Today we talked with a graduate of our 5th Immersive cohort, Hiroyuki Momoi. Now, barely a year since graduation, Hiro works as a Customer Engineer at Google. Let's see what he has to say about what he learned at Code Chrysalis.
What are you currently working on?
Right now I'm working as a Customer Engineer for Google Cloud, an enterprise platform offered by Google.
As an engineer on the sales team I create prototypes using our service for clients to explain not only how to use our service, but also to demonstrate its benefits and possibilities. Simply put, my job is to make Google Cloud accessible to everyone.
What did you do before joining Code Chrysalis?
Before enrolling in Code Chrysalis, I worked at an IT Vendor. My company developed, installed, and managed client companies' customer-facing systems.
I worked primarily as a project manager, but for the last 2 or 3 years of my time there I also got involved with service and product development.
How did you hear about Code Chrysalis?
I actually found an article about it on a portal website for international coding bootcamps. At the time, I was thining of studying abroad overseas or entering graduate school in Japan. As I was exploring my options, I heard about software engineering bootcamps. When I looked into it further, I learned that there were 2 international bootcamps in Tokyo: Code Chrysalis and Le Wagon.
After comparing the curriculum and course timeline of the two, I decided that Code Chrysalis suited my goals better. So I chose Code Chrysalis.
What ultimately led you to enroll?
I wanted to be able to create my own applications. That's what finally led me to enroll.
After I graduated college, I joined an IT company as a project manager, so I eventually learned all about system architecture, design, and so on as I worked. However, I couldn't express myself on the level of code--I couldn't get across what I wanted to. As a result, I decided I wanted to have, at the very least, basic knowledge of software engineering.
What was the most challenging part of the Immersive Bootcamp?
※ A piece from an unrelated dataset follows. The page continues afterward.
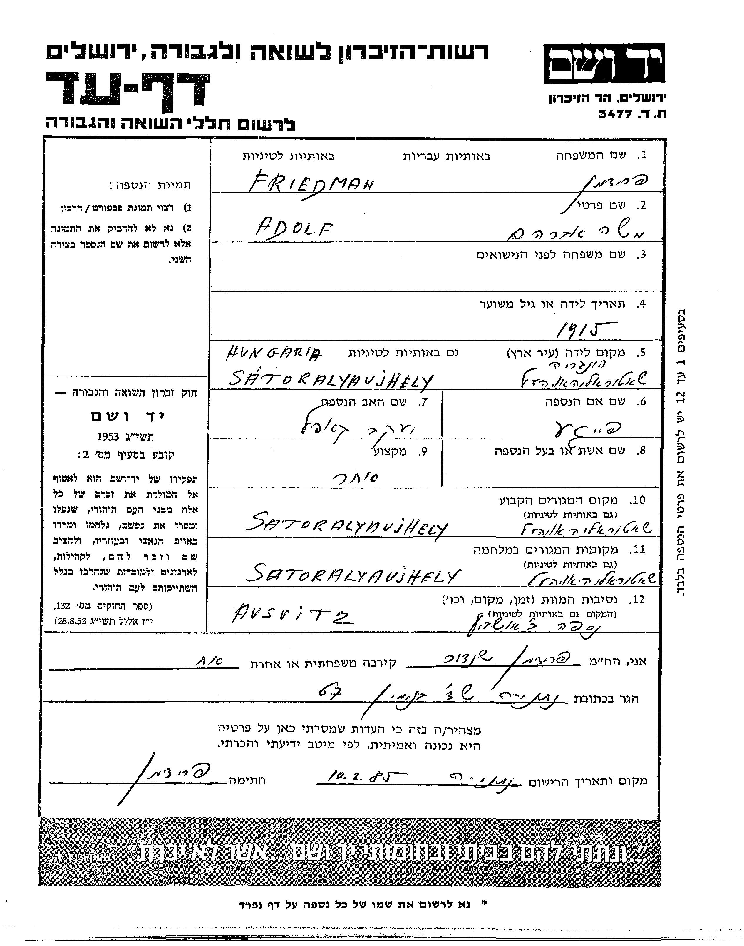 Friedman Adolf Moshe Avraham 1915 Satoralya Ujhely, Hongrie Feuille de témoignage

It was really high pressure (laughs).
Preserving my mental balance was really challenging.
It was especially difficult to adapt to this really high volume of information, and figuring out how to organize and use it effectively to create applications. During that process, tech debt kept piling up. It took so much time just to keep up with everything we were learning, especially when I ran into language problems.
Having said that, I'd decided from the start to take this very seriously, so I put myself under perhaps even more pressure. I devoted myself to absorbing everything as fast as possible. Sometimes I'd feel totally unable to move forward because I couldn't understand what I was working on. So it became very important to create coping strategies to deal with the stress of those situations, and that was one of the most important things I learned through the course.
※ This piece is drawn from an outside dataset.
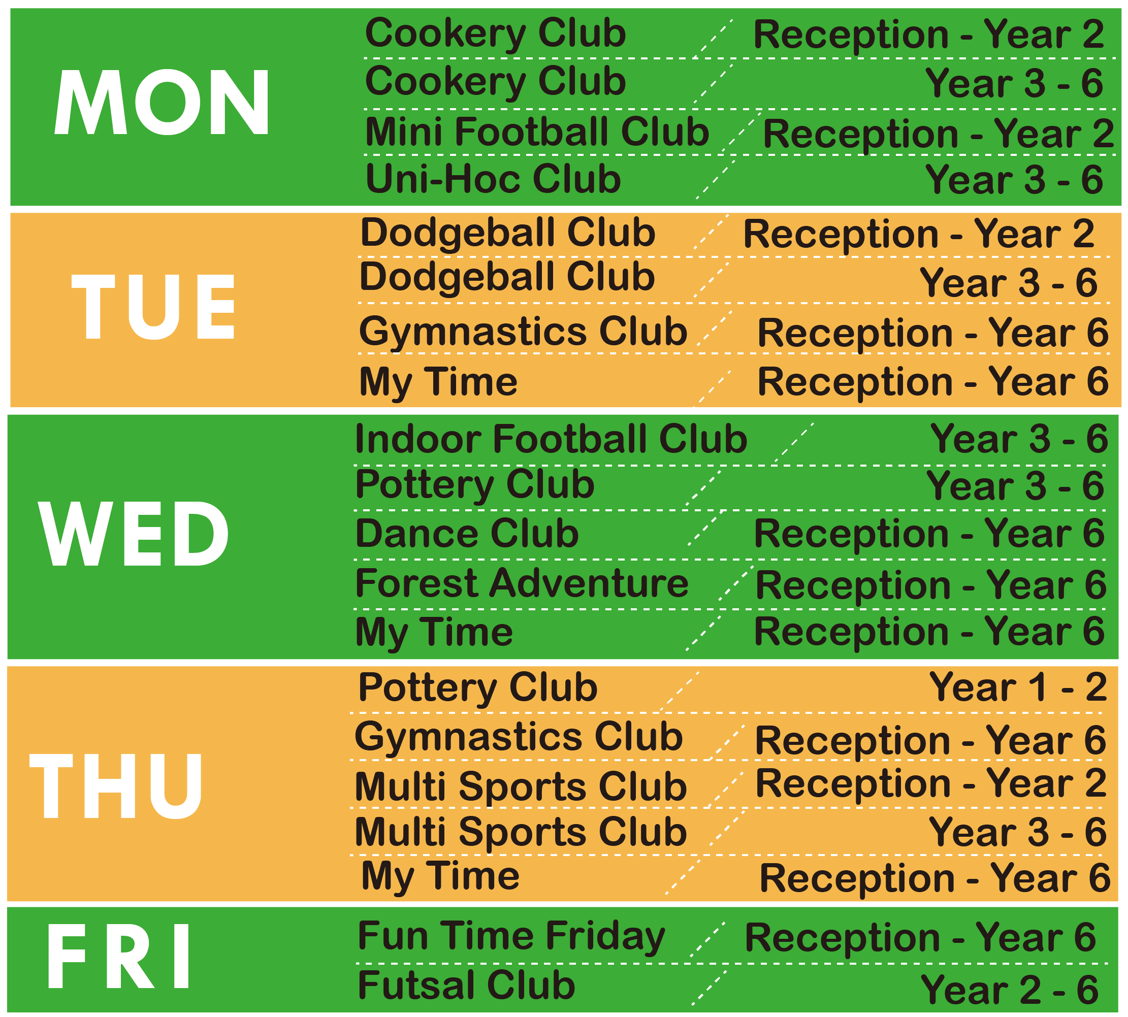 * Please note that the club is not running on Monday 2nd September, Tuesday 3rd September and Friday 4th October due to School Inset Day.

What was the most unexpectedly positive part of the course for you?
My classmates became like a family to me, and I was so happy to spend time with them.
Everyone in my class was studying toward the same goal, so I always enjoyed any moments spent together with them. I think there's nowhere else in Japan where you can learn coding in such an international environment. It was a deeply important experience.
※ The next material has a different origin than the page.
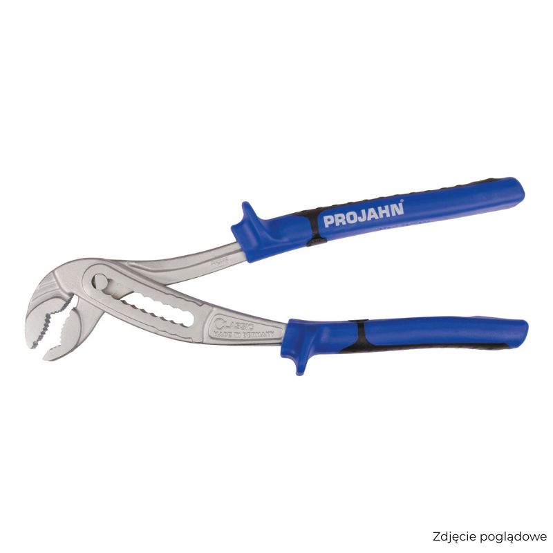 Zdjęcie poglądoweWytrzymałe szczypce nastawne do rur wodnych z przegubem wsuwkowym zapewniającym maksymalną wydajność. Przegub wsuwkowy z szerokimi powierzchniami prowadzącymi. Ergonomiczne położenie i kształt rękojeści dla optymalnego przenoszenia mocy. Optymalna geometria szczęk z samoblokującymi się ząbkami dla bezpiecznego chwytu. Szczęki z podwójnym uzębieniem. Siła chwytu o 40% wyższa niż w normie DIN ISO dzięki zakrzywionej regulacji zapadkowej.

How did you change after finishing the Immersive course?
I gained a lot of technical knowledge, and the difficulty I used to have creating applications disappeared. On top of that, I now have a better grasp on what knowledge I have, versus what knowledge I don't yet have.
Other than technical skills, I've also gained a lot of confidence in my ability to adapt and persevere. For me, working overseas has always been a priority. Being able to study in an international environment for 3 months and present in English countless times is something I consider a personal accomplishment. Through the Immersive course I was truly able to experience the world.
Any advice for future students?
The best 3 months of your life are about to begin. This is an opportunity to learn, so dive in.
In order to grow, you have to step from the boundaries of what you know into the territory of what you don't. You may be scared of failure, but you still have to try. Even if you understand this on an intellectual level, actually doing it is still extremely hard. However, at Code Chrysalis they create an environment where it's okay to fail--where it is understood that failure is part of the process of growth--so there's nothing to worry about.
It's a coding bootcamp, so of course you're coming to learn software engineering. But there will be a lot of learning opportunities outside of the technical ones, so stay open to those as well.